Черные волосы ниспадают темными и замысловатыми завитками на спину и круглые линии груди, изящно обвивая шею и безразлично прикрывая половину левого глаза миндальной формы. Ее каре-оливкового цвета глаза во тьме кажутся неистово черными и такими глубоко таящими боль, которая волнами выходит из ее сердца и глухо ударяясь о скалу здравомыслия, тупо бьет в висках, в голове, в груди, ногах и руках, везде…
- Его больше нет.
- Его больше нет рядом с тобой, - поправило зеркало.
- Нет. Его больше нет, если он не рядом со мной.
- Чушь. Он же часть тебя, значит он в тебе, и будет всегда с тобой.
- Нет. Он сам убил свою часть во мне. Его больше нет во мне. И меня больше нет. Потому что его нет. Во мне. Тут. В сердце. Он все это маленькое время был так незабываем, таким последним, как предсмертный вздох перед вечным забвением, как последний луч заката перед длинной темной ночью, как последняя капля влаги, которой насыщаешься, полностью вкусив ее сладость и неповторимость, ощутив ту острую потребность в том, что вот-вот закончиться, и уж боле не вернется.
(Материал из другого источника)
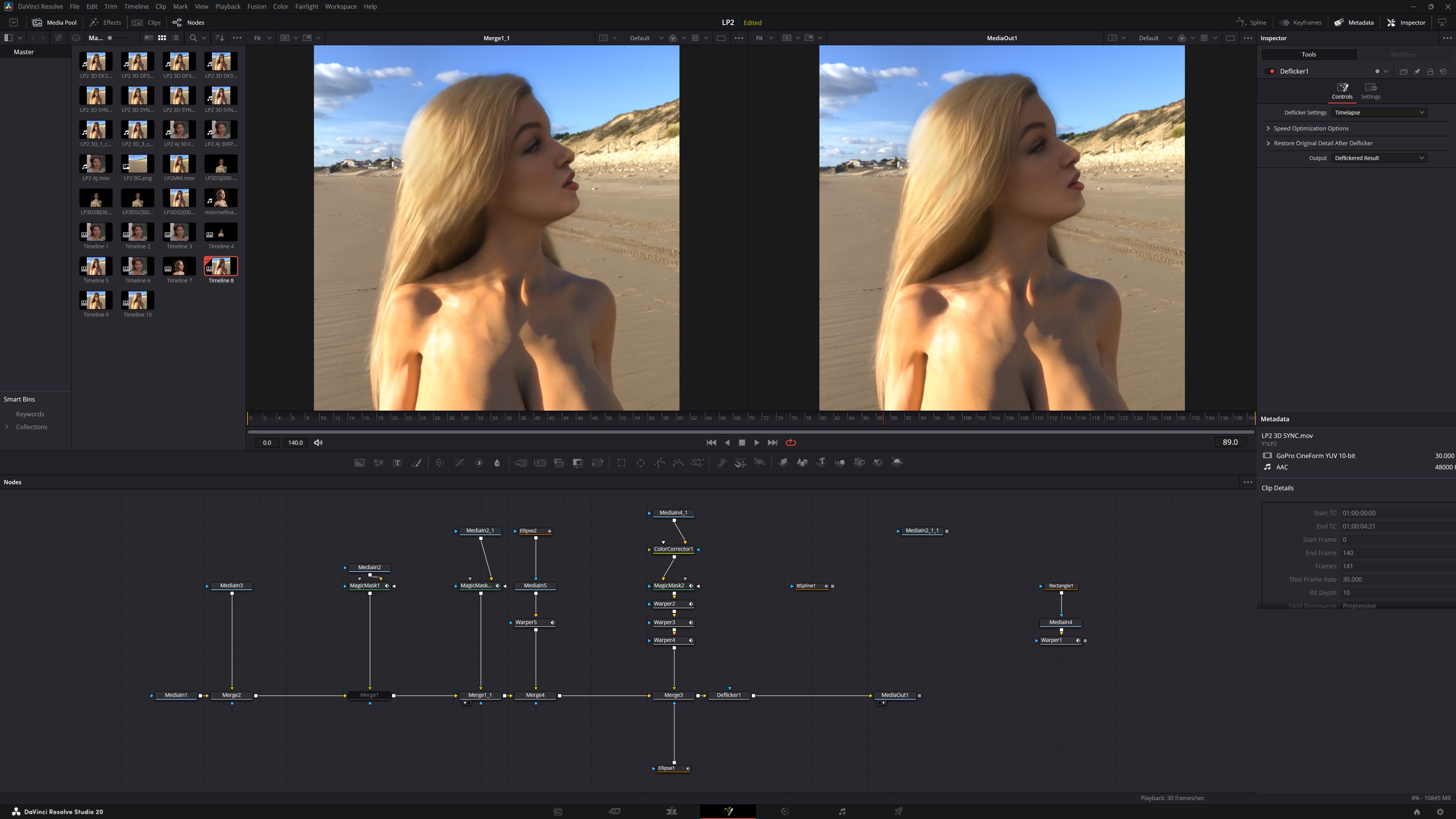 Below is a screenshot of DaVinci Resolve. The clip with the wrong hair is on the left side, and the correction on the right side. I used Adobe Premiere and Adobe After Effects 8-10 year ago. After Effects is still very capable and has editing features that DaVinci lacks. For example the Liquify tool that's also present in Photoshop. Only in After Effects you can liquify a video. But DaVinci has closed the gap and I prefer its node interface. Most people work in the Color Page of DaVinci. I prefer the Fusion Page.

- В тебе проснулся поэт, - иронично бросило зеркало.
- Он играл на мне, как бог играет жизнью. Он знал, куда нужно дотронуться, чтоб заиграли именно эти ноты, он играл на мне музыку сфер. Он был больше, чем банальные жизнь и смерть, и меньше чем взгляд прохожего. Он был тем огромным куском неба, которым я дышала, он подарил мне мир, лишь показав отражение мира в его глазах. Он открыл меня и выпустил из меня мою свободу, дав ей лететь ввысь и в глубины его вселенной и моих миров. Он отдал мне все ключи от всех его дверей, но он ушел, забрав все это у меня вместе со мной собой, и я потеряла все ключи, а главное я потеряла ключ от самой себя.
- Пора вернуться домой…
- Я никогда туда не вернусь. Я забыла дорогу. Я ушла искать. Чтобы никогда не найти. Я потеряла, чтобы никогда вновь не обрести. От меня не осталось ничего, кроме моих воспоминаний и бесполезного тела.
- Родись заново. Родись заново, чтобы найти. И просто посмотреть в глаза. Ничего не спрашивая, не желая, не любя. И решить, а достоин ли он был твоей смерти…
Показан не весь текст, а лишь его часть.